### Brief
Give back exactly the lines from the one that holds "وزارة العمل والتشغيل" through the final line of the data; omit the pictures and add nothing.

━━━ Given data ━━━

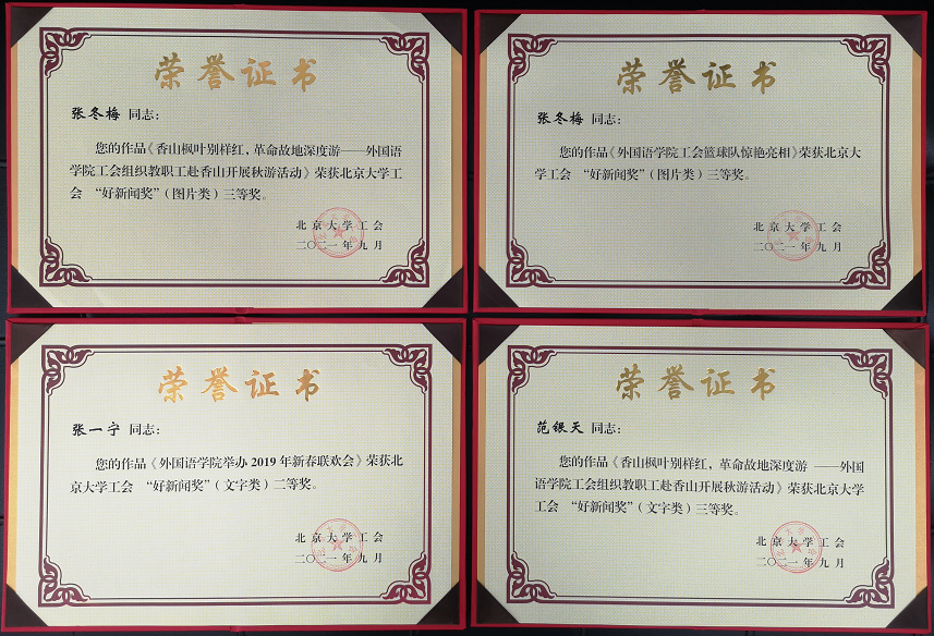9月22日下午,工会2019及2020年“好新闻奖”评审会在老生物楼108会议室召开。党委宣传部文化办、校报、新闻网、电视台的负责同志应邀担任评委。3003新葡平台登录入口张冬梅老师的作品“3003新葡平台登录入口工会篮球队惊艳亮相”和“香山枫叶别样红,革命故地深度游——3003新葡平台登录入口工会组织教职工赴香山开展秋游活动”获图片类三等奖;张一宁老师的作品“3003新葡平台登录入口举办2019年新春联欢会”获文字类二等奖;范银天老师的作品“香山枫叶别样红,革命故地深度游 ——3003新葡平台登录入口工会组织教职工赴香山开展秋游活动” 获文字类三等奖。
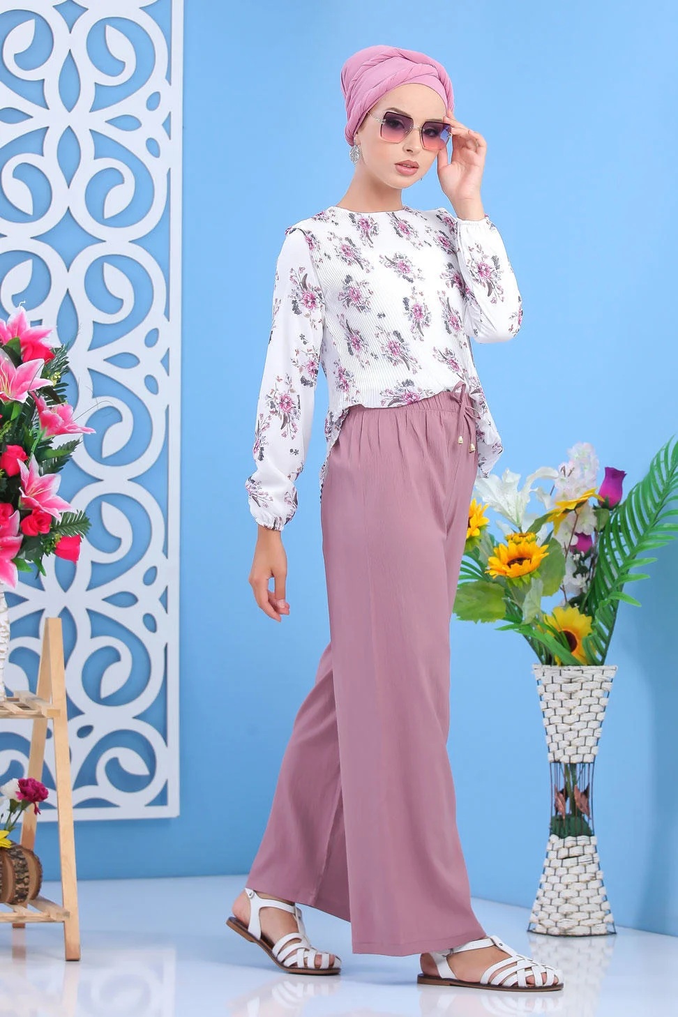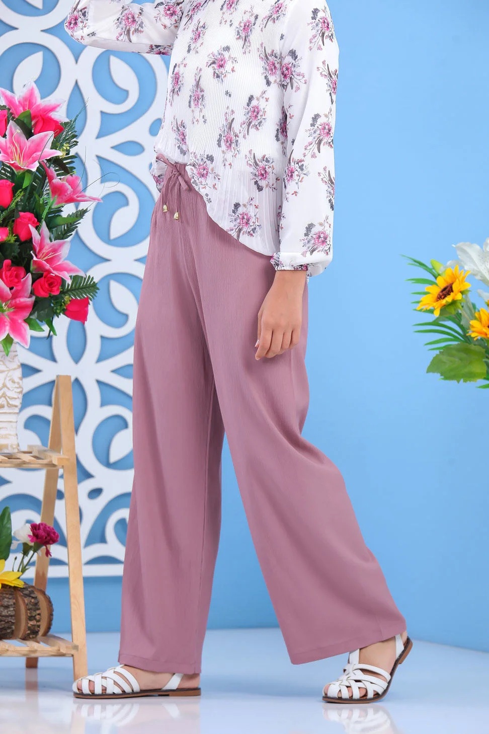 Pantalon long, coupe droite, taille élastique. Ce vêtement élégant est en tissu crêpe et fluide, accommodé d'un lien de serrage, il sera parfait pour la mi saison.
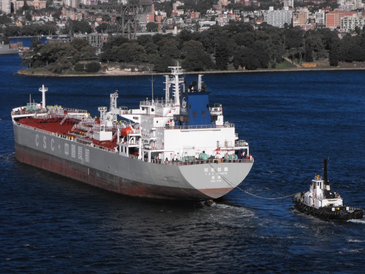July 2, 2009: CSC Cyanite with the tug Watagan seen from the Harbour Bridge departing Sydney, Australia. |
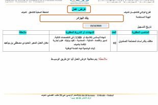 وزارة العمل والتشغيل والضمان الاجتماعي الوكالة الوطنية للتشغيل الملحقة المحلية للتشغيل بالنعامة ads عرض عمل المؤسسة: بنك الفلاحة والتنمية الريفية بالنعامة BADR تاريخ التسجيل: 2025/12/25 حالة العرض: فعال امتداد عرض العمل: محلي 1. منصب: مكلف بالزبائن عدد المناصب: 01 شروط المنصب: شهادة ليسانس علوم …
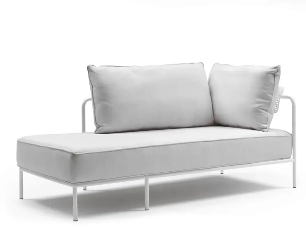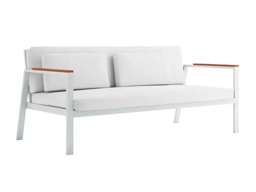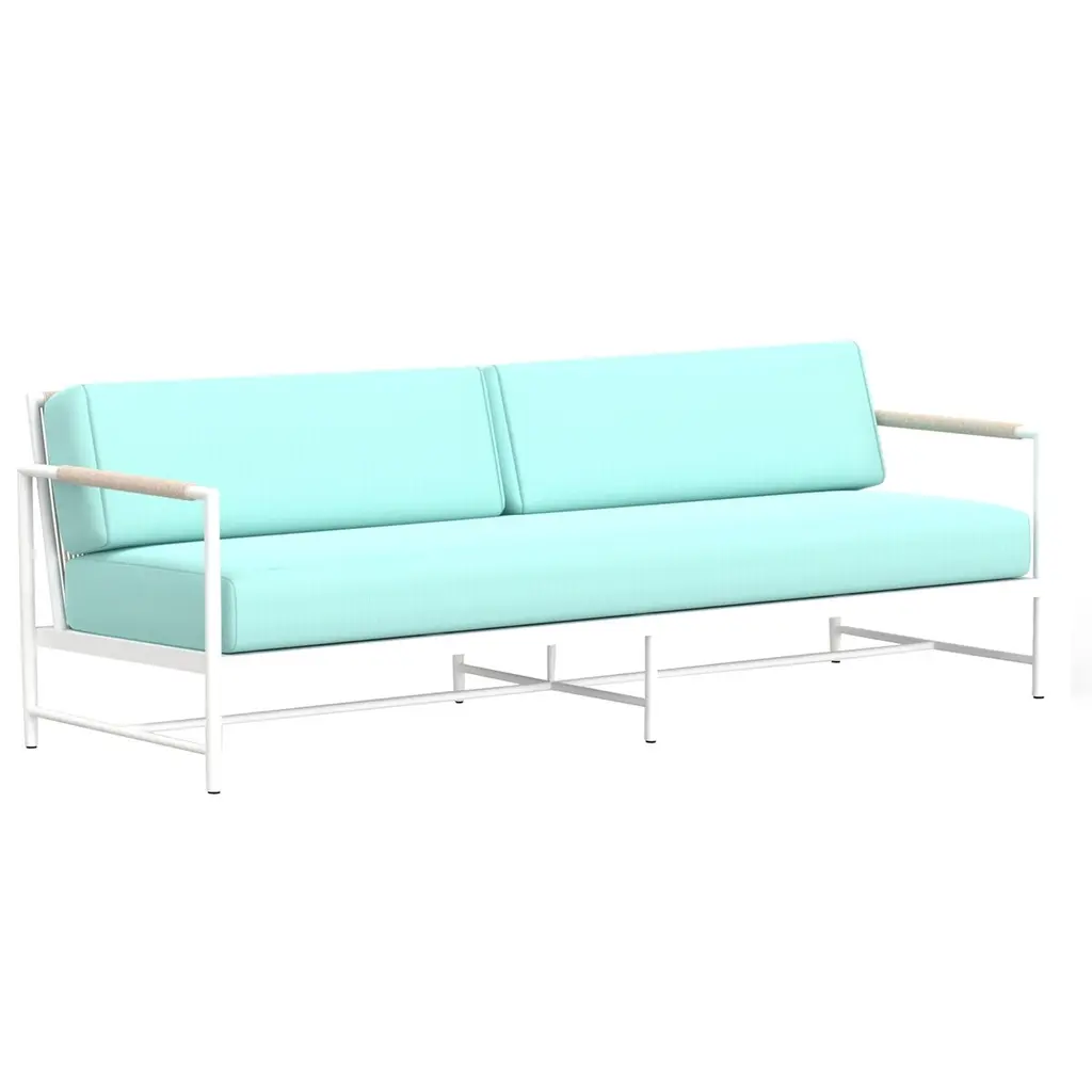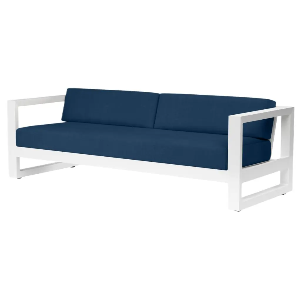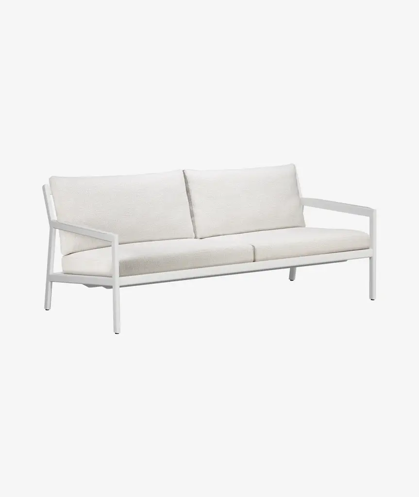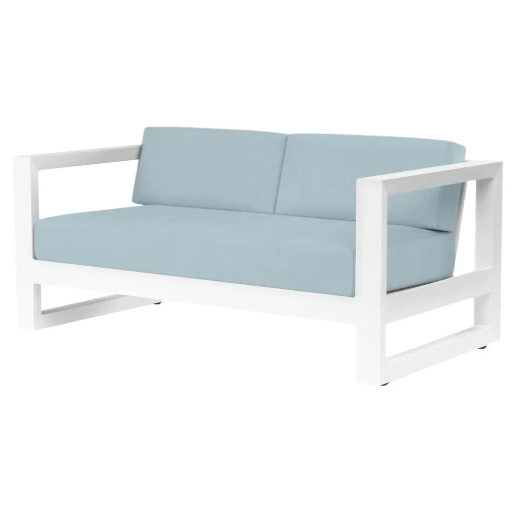 "The Newport Sofa blends modern and industrial sensibility into one striking design. Informed by mid-century design elements, the Newport features a low back and smart, linear frame. Crafted in powder coated aluminum in a Satin White finish. Fully welded, scratch-resistant powder-coated aluminum frame Weather resistant, high-resiliency foam cushions Stocked in Premium Sunbrella fabric in Cast Silver Adjustable Non-Marring Feet Commercial Quality Construction Custom Cushions available in approx. 4 weeks. Newport is part of the Frost color story, and coordinates well with Miami, Naples, and Carrara pieces from the Bazaar."

━━━

### Reply
 وزارة العمل والتشغيل والضمان الاجتماعي الوكالة الوطنية للتشغيل الملحقة المحلية للتشغيل بالنعامة ads عرض عمل المؤسسة: بنك الفلاحة والتنمية الريفية بالنعامة BADR تاريخ التسجيل: 2025/12/25 حالة العرض: فعال امتداد عرض العمل: محلي 1. منصب: مكلف بالزبائن عدد المناصب: 01 شروط المنصب: شهادة ليسانس علوم …
 "The Newport Sofa blends modern and industrial sensibility into one striking design. Informed by mid-century design elements, the Newport features a low back and smart, linear frame. Crafted in powder coated aluminum in a Satin White finish. Fully welded, scratch-resistant powder-coated aluminum frame Weather resistant, high-resiliency foam cushions Stocked in Premium Sunbrella fabric in Cast Silver Adjustable Non-Marring Feet Commercial Quality Construction Custom Cushions available in approx. 4 weeks. Newport is part of the Frost color story, and coordinates well with Miami, Naples, and Carrara pieces from the Bazaar."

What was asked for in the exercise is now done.